━━━━━ RECORD EXCERPTS ━━━━━

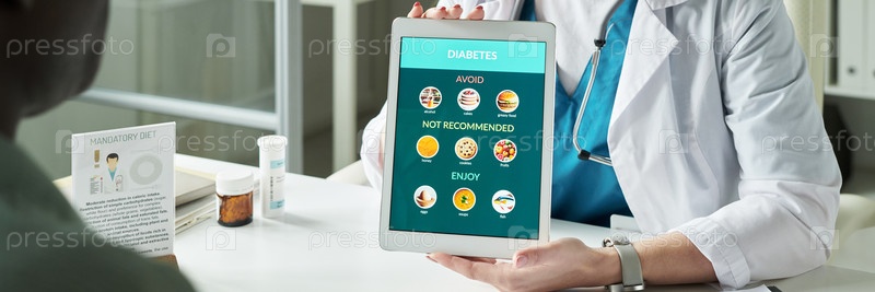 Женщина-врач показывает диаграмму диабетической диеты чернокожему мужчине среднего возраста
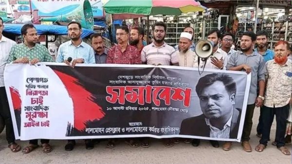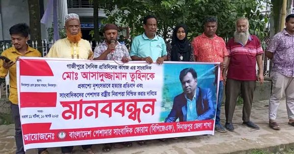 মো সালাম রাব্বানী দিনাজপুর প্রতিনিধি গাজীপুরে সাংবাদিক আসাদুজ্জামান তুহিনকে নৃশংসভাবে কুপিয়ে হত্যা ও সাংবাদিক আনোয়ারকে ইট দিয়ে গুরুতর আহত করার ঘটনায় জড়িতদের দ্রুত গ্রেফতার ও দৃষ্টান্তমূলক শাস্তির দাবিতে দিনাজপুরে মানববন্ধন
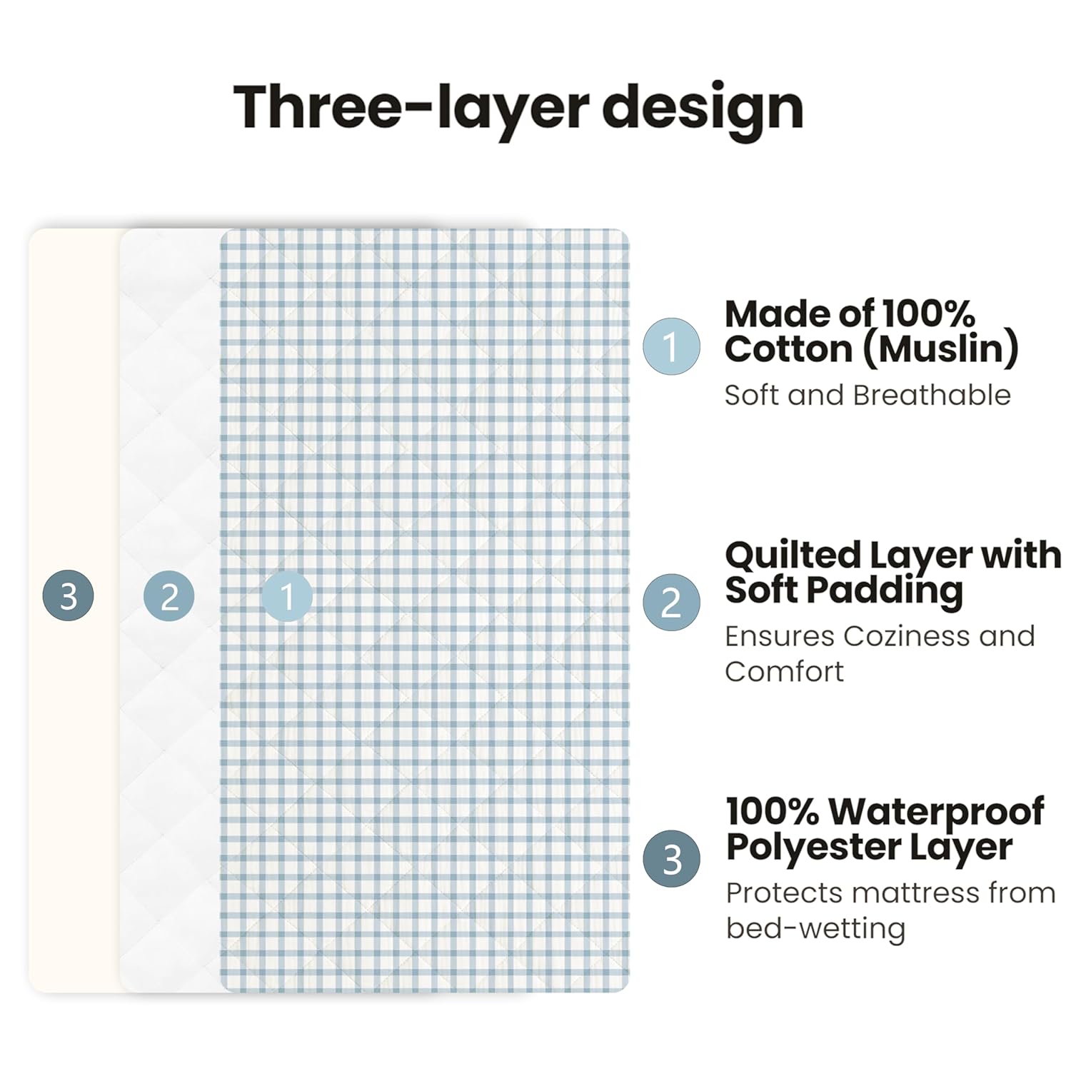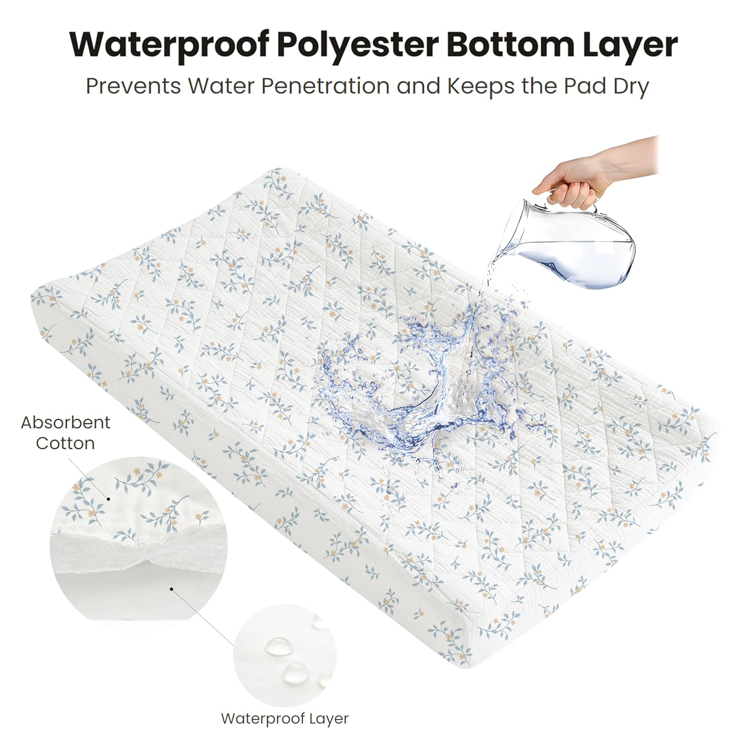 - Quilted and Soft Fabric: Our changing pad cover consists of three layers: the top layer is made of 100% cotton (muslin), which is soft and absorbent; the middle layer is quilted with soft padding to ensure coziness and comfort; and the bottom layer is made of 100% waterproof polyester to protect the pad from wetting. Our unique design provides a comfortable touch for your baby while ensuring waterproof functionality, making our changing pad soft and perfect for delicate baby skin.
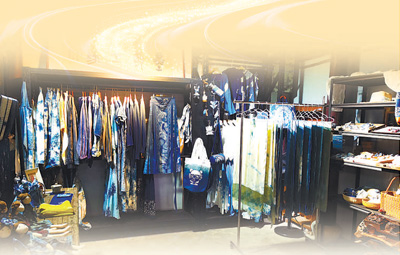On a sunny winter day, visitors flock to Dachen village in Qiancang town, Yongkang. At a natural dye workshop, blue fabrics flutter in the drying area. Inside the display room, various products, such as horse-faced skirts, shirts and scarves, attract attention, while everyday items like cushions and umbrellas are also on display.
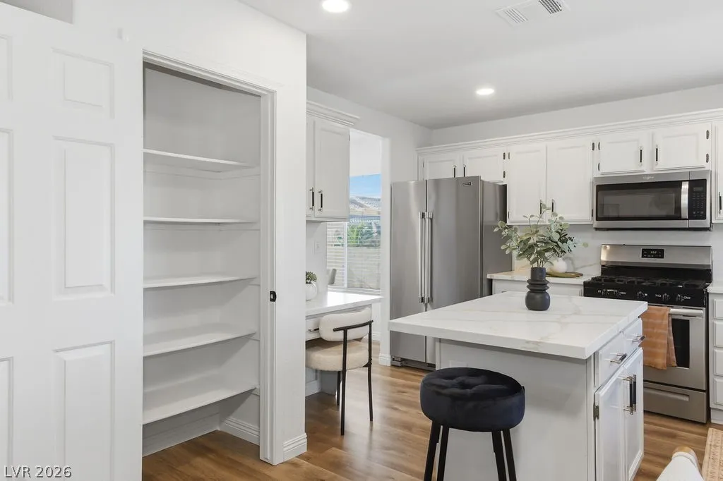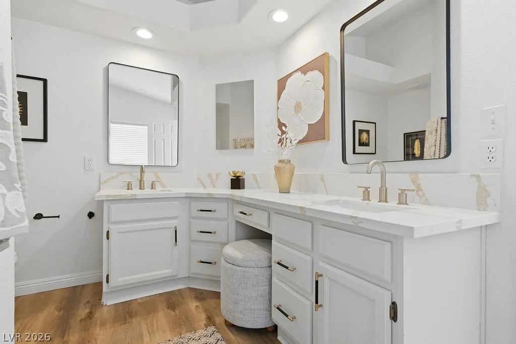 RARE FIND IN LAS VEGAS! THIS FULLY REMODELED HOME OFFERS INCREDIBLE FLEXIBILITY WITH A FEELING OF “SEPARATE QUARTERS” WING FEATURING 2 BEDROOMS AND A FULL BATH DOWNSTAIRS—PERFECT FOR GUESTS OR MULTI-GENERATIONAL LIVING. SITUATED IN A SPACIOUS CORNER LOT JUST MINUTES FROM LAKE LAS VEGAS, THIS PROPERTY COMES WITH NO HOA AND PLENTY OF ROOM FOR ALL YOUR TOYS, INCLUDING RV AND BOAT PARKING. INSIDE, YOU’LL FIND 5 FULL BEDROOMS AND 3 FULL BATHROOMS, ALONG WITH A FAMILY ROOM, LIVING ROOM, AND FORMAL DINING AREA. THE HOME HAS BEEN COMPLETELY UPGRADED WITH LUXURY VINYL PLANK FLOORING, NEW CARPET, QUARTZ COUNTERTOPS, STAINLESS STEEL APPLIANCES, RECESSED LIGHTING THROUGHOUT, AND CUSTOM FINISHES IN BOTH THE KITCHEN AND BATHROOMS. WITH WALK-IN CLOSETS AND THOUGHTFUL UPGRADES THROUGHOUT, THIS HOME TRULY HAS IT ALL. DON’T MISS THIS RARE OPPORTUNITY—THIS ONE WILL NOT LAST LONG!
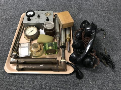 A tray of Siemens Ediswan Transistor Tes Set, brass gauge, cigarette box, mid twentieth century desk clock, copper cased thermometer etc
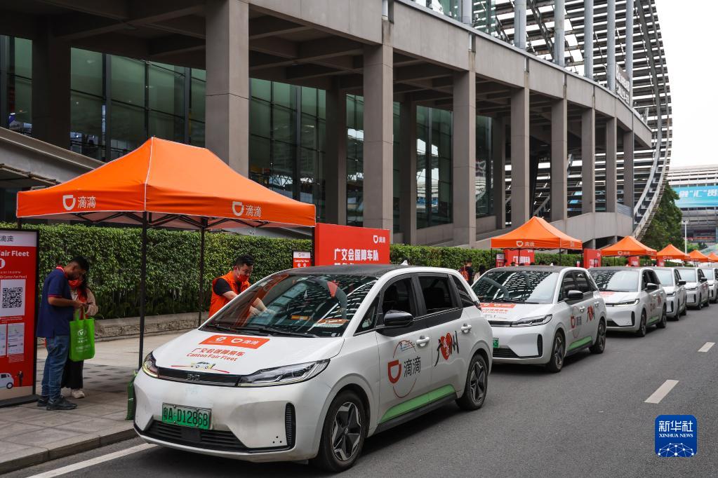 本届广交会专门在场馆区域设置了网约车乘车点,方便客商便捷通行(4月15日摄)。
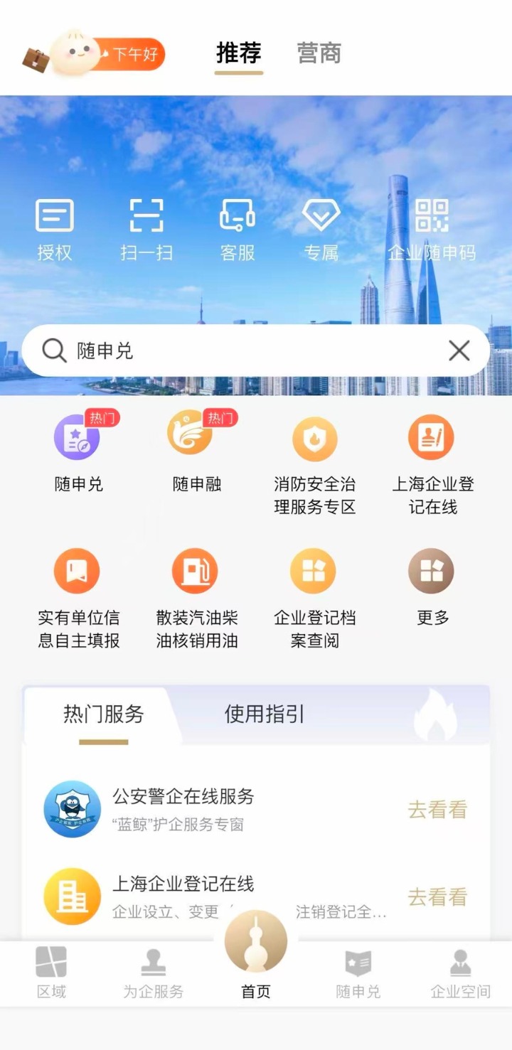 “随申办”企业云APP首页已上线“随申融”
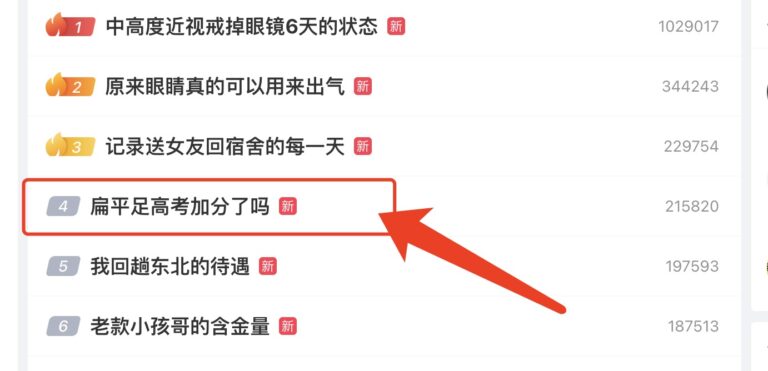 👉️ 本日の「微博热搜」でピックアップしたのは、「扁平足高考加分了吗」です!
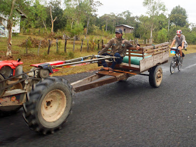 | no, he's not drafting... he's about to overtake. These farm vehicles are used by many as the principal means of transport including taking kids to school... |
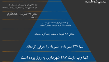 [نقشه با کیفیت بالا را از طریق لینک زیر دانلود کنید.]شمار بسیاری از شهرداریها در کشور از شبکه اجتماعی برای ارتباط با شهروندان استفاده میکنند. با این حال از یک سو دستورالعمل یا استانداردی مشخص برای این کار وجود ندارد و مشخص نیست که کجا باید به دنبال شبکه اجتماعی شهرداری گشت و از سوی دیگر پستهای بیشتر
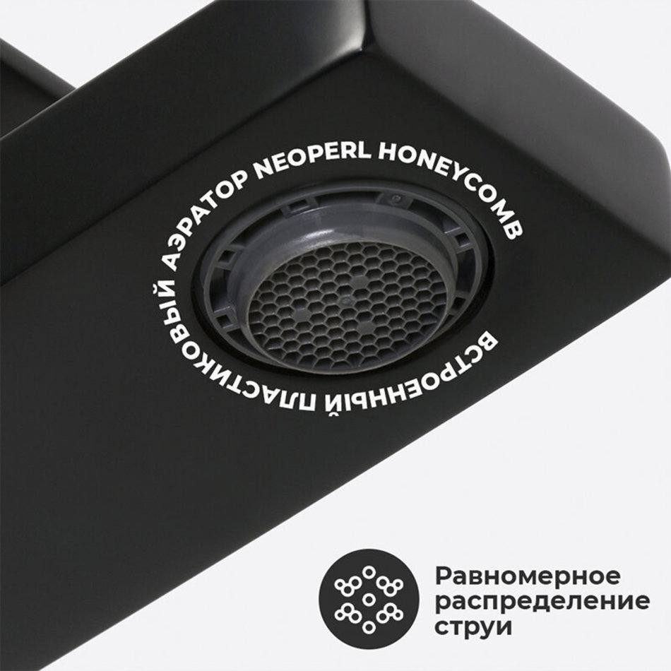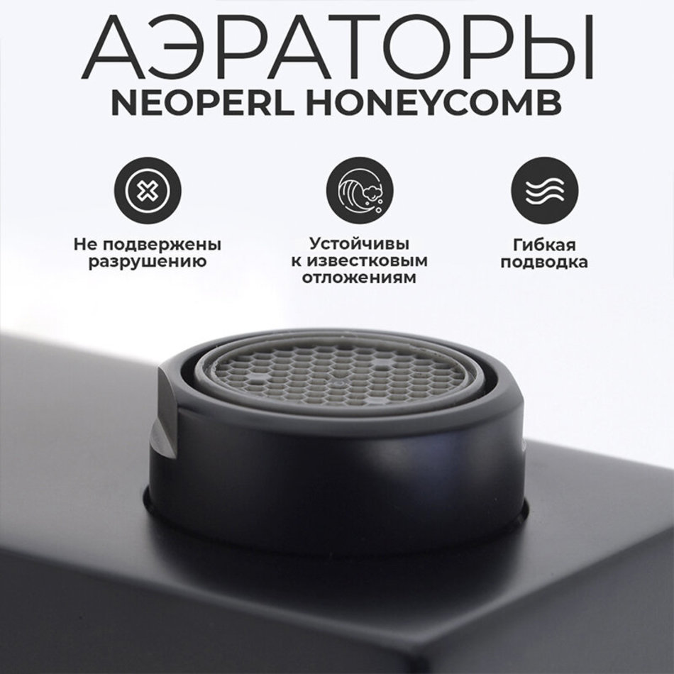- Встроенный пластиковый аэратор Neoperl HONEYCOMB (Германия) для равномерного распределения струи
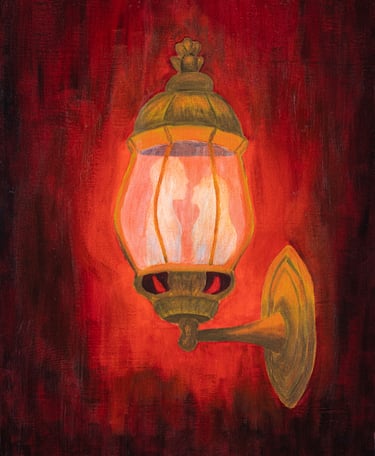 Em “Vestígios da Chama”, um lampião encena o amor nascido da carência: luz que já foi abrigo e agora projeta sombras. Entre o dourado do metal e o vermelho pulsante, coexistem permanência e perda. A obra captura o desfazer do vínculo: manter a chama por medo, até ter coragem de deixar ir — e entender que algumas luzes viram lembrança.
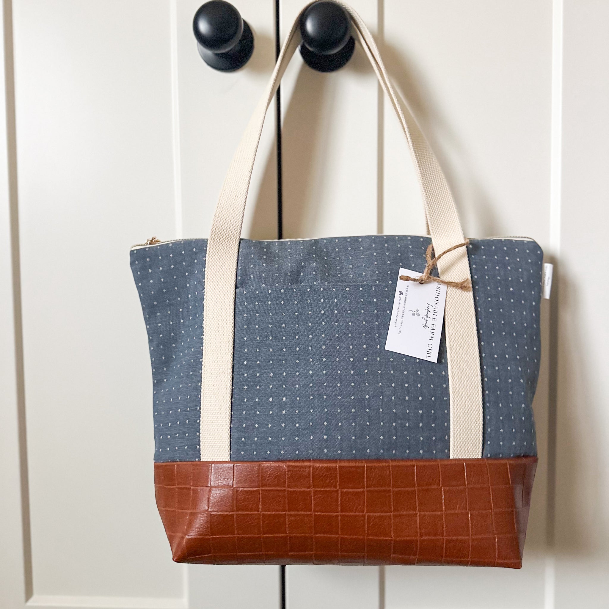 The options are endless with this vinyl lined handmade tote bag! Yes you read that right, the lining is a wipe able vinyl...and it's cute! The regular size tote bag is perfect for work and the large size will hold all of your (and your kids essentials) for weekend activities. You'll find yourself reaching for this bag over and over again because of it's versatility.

━━━━━

DESCRIPTION OF THE TASK :: Only the records themselves, retyped exactly, belong in the answer; please leave all images behind.

SOLUTION FOR THIS EXERCISE ::
 Женщина-врач показывает диаграмму диабетической диеты чернокожему мужчине среднего возраста
 মো সালাম রাব্বানী দিনাজপুর প্রতিনিধি গাজীপুরে সাংবাদিক আসাদুজ্জামান তুহিনকে নৃশংসভাবে কুপিয়ে হত্যা ও সাংবাদিক আনোয়ারকে ইট দিয়ে গুরুতর আহত করার ঘটনায় জড়িতদের দ্রুত গ্রেফতার ও দৃষ্টান্তমূলক শাস্তির দাবিতে দিনাজপুরে মানববন্ধন
 - Quilted and Soft Fabric: Our changing pad cover consists of three layers: the top layer is made of 100% cotton (muslin), which is soft and absorbent; the middle layer is quilted with soft padding to ensure coziness and comfort; and the bottom layer is made of 100% waterproof polyester to protect the pad from wetting. Our unique design provides a comfortable touch for your baby while ensuring waterproof functionality, making our changing pad soft and perfect for delicate baby skin.
On a sunny winter day, visitors flock to Dachen village in Qiancang town, Yongkang. At a natural dye workshop, blue fabrics flutter in the drying area. Inside the display room, various products, such as horse-faced skirts, shirts and scarves, attract attention, while everyday items like cushions and umbrellas are also on display.
 RARE FIND IN LAS VEGAS! THIS FULLY REMODELED HOME OFFERS INCREDIBLE FLEXIBILITY WITH A FEELING OF “SEPARATE QUARTERS” WING FEATURING 2 BEDROOMS AND A FULL BATH DOWNSTAIRS—PERFECT FOR GUESTS OR MULTI-GENERATIONAL LIVING. SITUATED IN A SPACIOUS CORNER LOT JUST MINUTES FROM LAKE LAS VEGAS, THIS PROPERTY COMES WITH NO HOA AND PLENTY OF ROOM FOR ALL YOUR TOYS, INCLUDING RV AND BOAT PARKING. INSIDE, YOU’LL FIND 5 FULL BEDROOMS AND 3 FULL BATHROOMS, ALONG WITH A FAMILY ROOM, LIVING ROOM, AND FORMAL DINING AREA. THE HOME HAS BEEN COMPLETELY UPGRADED WITH LUXURY VINYL PLANK FLOORING, NEW CARPET, QUARTZ COUNTERTOPS, STAINLESS STEEL APPLIANCES, RECESSED LIGHTING THROUGHOUT, AND CUSTOM FINISHES IN BOTH THE KITCHEN AND BATHROOMS. WITH WALK-IN CLOSETS AND THOUGHTFUL UPGRADES THROUGHOUT, THIS HOME TRULY HAS IT ALL. DON’T MISS THIS RARE OPPORTUNITY—THIS ONE WILL NOT LAST LONG!
 A tray of Siemens Ediswan Transistor Tes Set, brass gauge, cigarette box, mid twentieth century desk clock, copper cased thermometer etc
 本届广交会专门在场馆区域设置了网约车乘车点,方便客商便捷通行(4月15日摄)。
 “随申办”企业云APP首页已上线“随申融”
 👉️ 本日の「微博热搜」でピックアップしたのは、「扁平足高考加分了吗」です!
 | no, he's not drafting... he's about to overtake. These farm vehicles are used by many as the principal means of transport including taking kids to school... |
 [نقشه با کیفیت بالا را از طریق لینک زیر دانلود کنید.]شمار بسیاری از شهرداریها در کشور از شبکه اجتماعی برای ارتباط با شهروندان استفاده میکنند. با این حال از یک سو دستورالعمل یا استانداردی مشخص برای این کار وجود ندارد و مشخص نیست که کجا باید به دنبال شبکه اجتماعی شهرداری گشت و از سوی دیگر پستهای بیشتر
- Встроенный пластиковый аэратор Neoperl HONEYCOMB (Германия) для равномерного распределения струи
 Em “Vestígios da Chama”, um lampião encena o amor nascido da carência: luz que já foi abrigo e agora projeta sombras. Entre o dourado do metal e o vermelho pulsante, coexistem permanência e perda. A obra captura o desfazer do vínculo: manter a chama por medo, até ter coragem de deixar ir — e entender que algumas luzes viram lembrança.
 The options are endless with this vinyl lined handmade tote bag! Yes you read that right, the lining is a wipe able vinyl...and it's cute! The regular size tote bag is perfect for work and the large size will hold all of your (and your kids essentials) for weekend activities. You'll find yourself reaching for this bag over and over again because of it's versatility.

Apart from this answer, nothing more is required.